The prosecution is conducted by the Public Prosecutor (Pubblico Ministero). Decisions are made by giudici togati and giudici popolari together at a special meeting held behind closed doors, named Council Chamber (Camera di Consiglio), and the Corte d'Assise is required to publish written explanations of its decisions.

==Composition==
The Corte d'Assise is composed of two professional judges and six lay judges.

===Professional judges===
The professional judges (magistrates) perform the duties of president and giudice a latere (English: sitting by judge). In the Corte d'Assise d'Appello (English: Appellate Courts of Assizes) the judges must be members of the Court of Appeals.

===Lay judges===
Lay judges for both the Corte d'Assise and the Corte d'Assise d'Appello have to be older than thirty and younger than sixty-five. Lay judges for the Corte d'Assise must have completed their education to the level of junior high school (scuola media). The lay judges for the Corte d'Assise d'Appello must hold a diploma from a senior high school (scuola superiore).

===Exclusions===
The following people cannot be appointed to the office of lay judge:
- judges or other members of the judiciary system;
- members of the armed forces or police;
- ministers of any religion and clergymen.

===Office of lay judge and appointment thereto===
In every municipality (comune), a board composed by the mayor and two members of the municipal council (Consiglio Comunale) form two registers containing all the citizens meeting the aforementioned criteria. If they do not see to that, the president of the local courthouse (Tribunale) acts in their stead. The registers are then transmitted to the president of the courthouse. A board is then convened, formed by the president and all the mayors of the municipalities of the district, to form a register of all the eligible citizens living in that district.
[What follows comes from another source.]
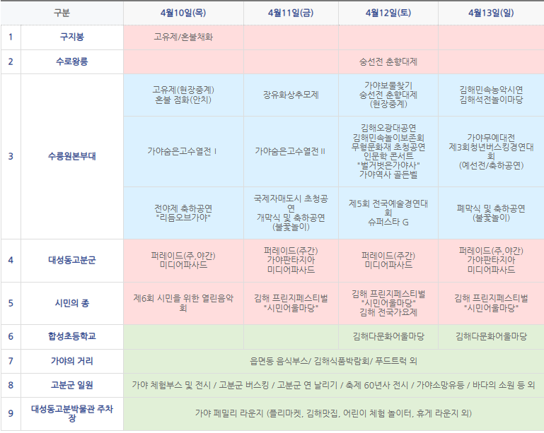 김해시청 홈페이지 또는 축제 공식 페이지에서 사전 예약 및 상세 일정 안내도 확인할 수 있습니다.

The register is then published and all citizen may raise objections within 15 days from publication. The registers are revised every two years. When a crime needs to be tried, the president of the courthouse draws the names of the lay judges and of their substitutes in a public audience. After being appointed, the lay judges take the following oath:

Con la ferma volontà di compiere da persona d'onore tutto il mio dovere, cosciente della suprema importanza morale e civile dell'ufficio che la legge mi affida, giuro di ascoltare con diligenza e di esaminare con serenità prove e ragioni dell'accusa e della difesa, di formare il mio intimo convincimento giudicando con rettitudine ed imparzialità, e di tenere lontano dall'animo mio ogni sentimento di avversione e di favore, affinché la sentenza riesca quale la società deve attenderla: affermazione di verità e di giustizia. Giuro altresì di conservare il segreto.
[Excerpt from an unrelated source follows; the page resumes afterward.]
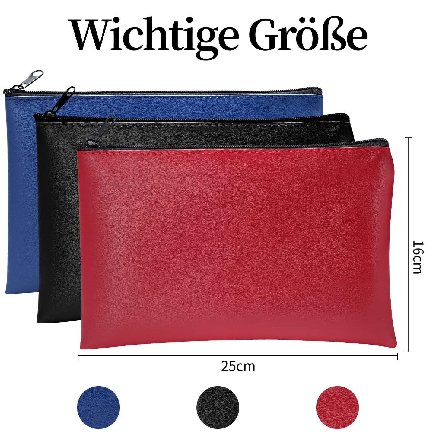 3 Stück Banktaschen aus Kunstleder (25x16cm): Geldtasche für A5 Dokumente, Geldmappe

Through the oath, they swear they will diligently listen to the reasons of both the prosecution and the defense, will serenely examine the evidence, and will honestly and impartially judge. The lay judges are paid for every day of actual exercise of their duty. In these instances, they are considered public officials. They continue in office for three months, or until the trial in which they are serving ends. Lay judges wear a sash in the national colours and are not technically jurors, as the term is understood in Anglo-Saxon jurisprudence. The Italian word Giudice (Judge) refers both to the eight together as a collective body and to each of them considered separately as a member of that body.
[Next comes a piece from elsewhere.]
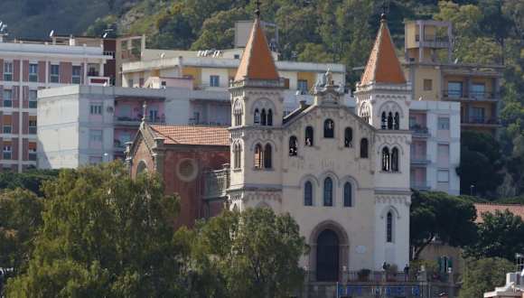Die Kirche liegt hoch über der Stadt mit Blick bis hin zum italienischen Festland auf der anderen Seite der Straße von Messina. Aber dieser Blick belohnt für den etwas beschwerlichen Aufstieg. Vor der Kirche steht eine Statue des verstorbenen Papstes Johannes Paul II., die über die Stadt blickt.

Since lay judges are not jurors, they cannot be excused, unless there are grounds that would also justify an objection to a judge. So, the office is practically mandatory. Also, they are not sequestered, because a trial often lasts too long to restrict travel. An Italian trial, including the preliminary investigations, preliminary hearing, trial and appeals, can last several years. Keeping a citizen - who continues to work, while serving as a lay judge - sequestered for years would be unfeasible.

==Appeals==

===Corte d'Assise d'Appello===
Both the defendant and the prosecutor can appeal a decision from the Corte d'Assise to the Corte d'Assise d'Appello. The Corte d'Assise d'Appello has the same composition of judges and lay judges as the Corte d'Assise, but the professional judges are senior relative to the judges in the first court. The Corte d'Assise d'Appello must also publish written explanations of its decisions. This appeal includes a complete review of the evidence – in effect a retrial.

===Cassazione===
Both the prosecutor and the defendant can appeal to the top appeal court, named Supreme Court of Cassation (Corte Suprema di Cassazione). The Court of Cassation only judges the correct application of the law in the lower courts and does not review the evidence. If the Court of Cassation does not uphold the sentence given by the first court, it usually orders a new trial in front of a different court, namely a Corte d'Assise d'Appello different from the previous one (in another district).